Directions: Repeat the records below exactly from the line containing "Carretera Apizaco-San Martín" to the line containing "Anga la mji", taking in both of those lines. Drop the pictures.

Supplied entries:

=== Begin Enclosure ===

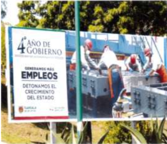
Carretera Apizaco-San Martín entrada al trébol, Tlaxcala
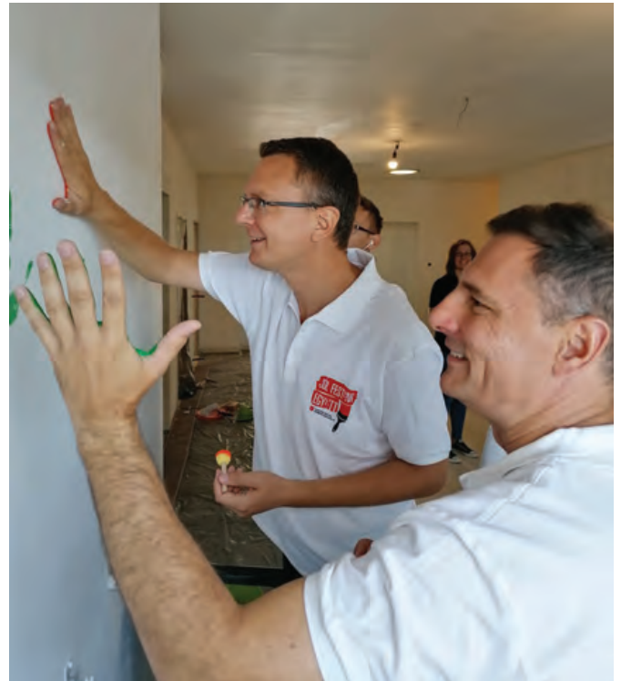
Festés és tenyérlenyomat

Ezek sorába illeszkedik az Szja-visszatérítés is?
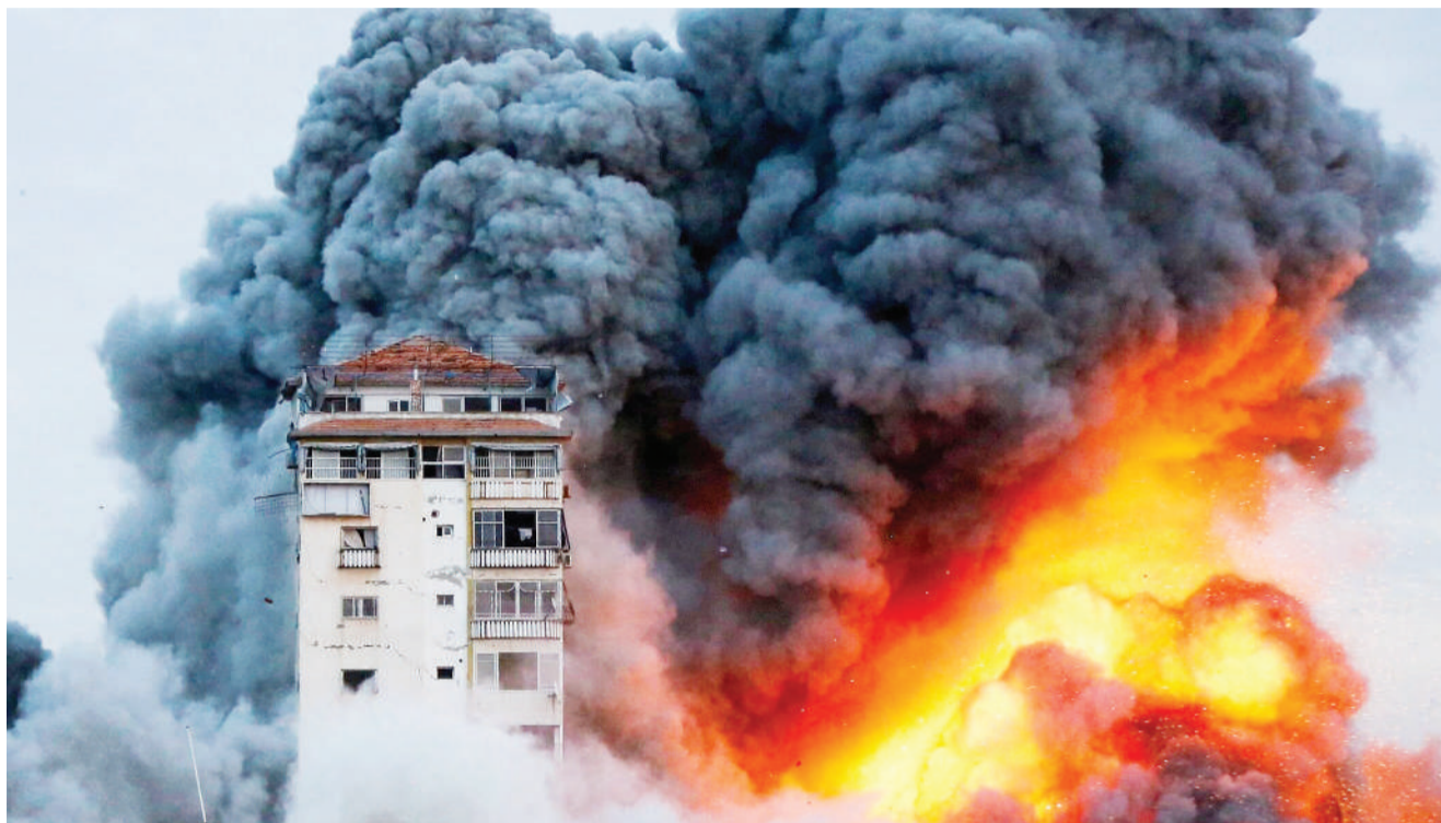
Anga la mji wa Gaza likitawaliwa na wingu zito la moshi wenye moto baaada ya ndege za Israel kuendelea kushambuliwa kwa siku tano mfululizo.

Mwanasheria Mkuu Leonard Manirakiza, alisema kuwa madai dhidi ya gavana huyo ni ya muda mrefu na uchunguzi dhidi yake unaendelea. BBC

=== End Enclosure ===
=== Begin Enclosure ===

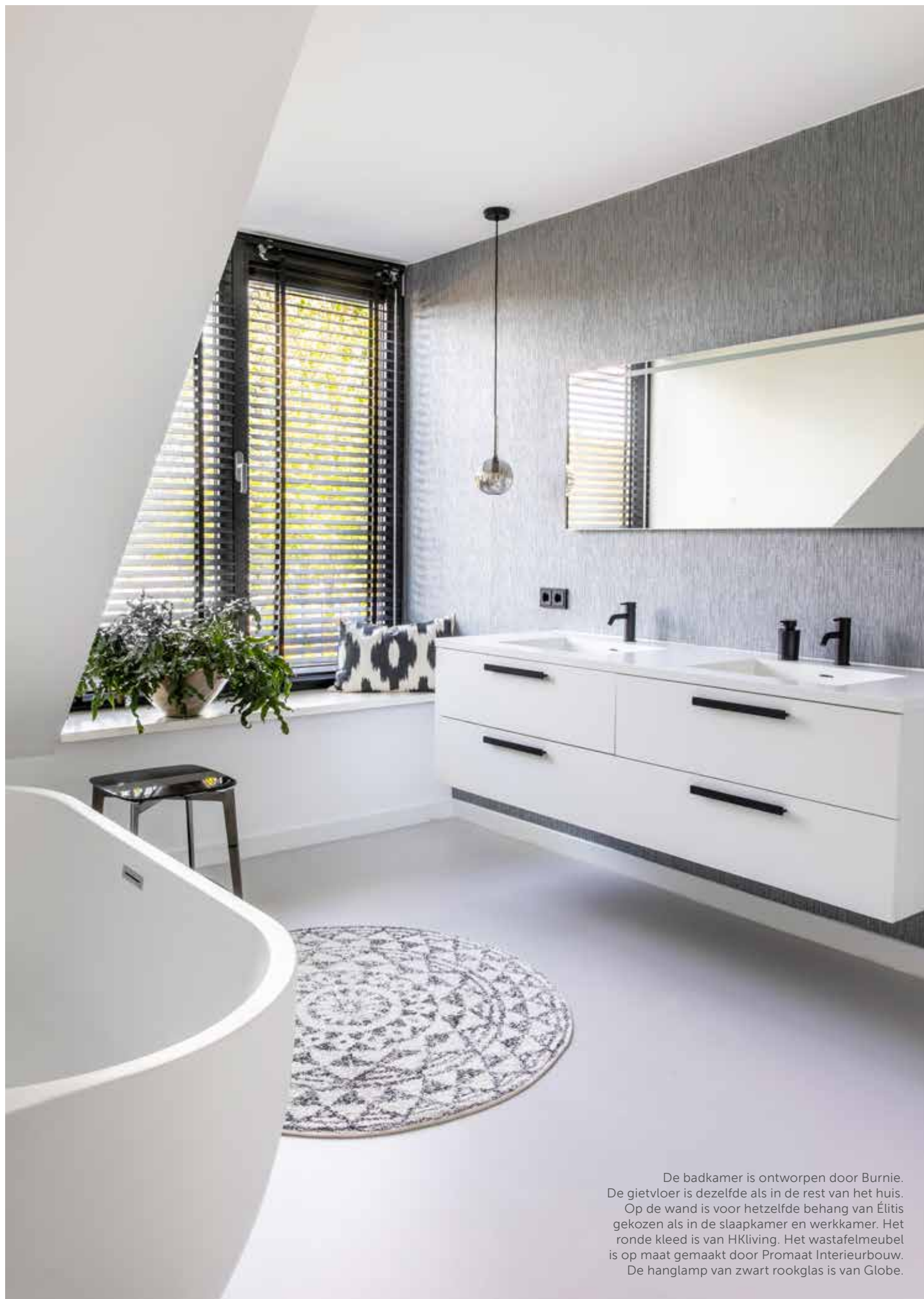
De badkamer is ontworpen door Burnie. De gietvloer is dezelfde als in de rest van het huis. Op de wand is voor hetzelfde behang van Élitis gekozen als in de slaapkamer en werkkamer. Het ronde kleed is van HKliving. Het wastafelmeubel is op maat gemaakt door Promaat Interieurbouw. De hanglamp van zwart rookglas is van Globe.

=== End Enclosure ===

Exercise solution:
Carretera Apizaco-San Martín entrada al trébol, Tlaxcala
Festés és tenyérlenyomat

Ezek sorába illeszkedik az Szja-visszatérítés is?
Anga la mji wa Gaza likitawaliwa na wingu zito la moshi wenye moto baaada ya ndege za Israel kuendelea kushambuliwa kwa siku tano mfululizo.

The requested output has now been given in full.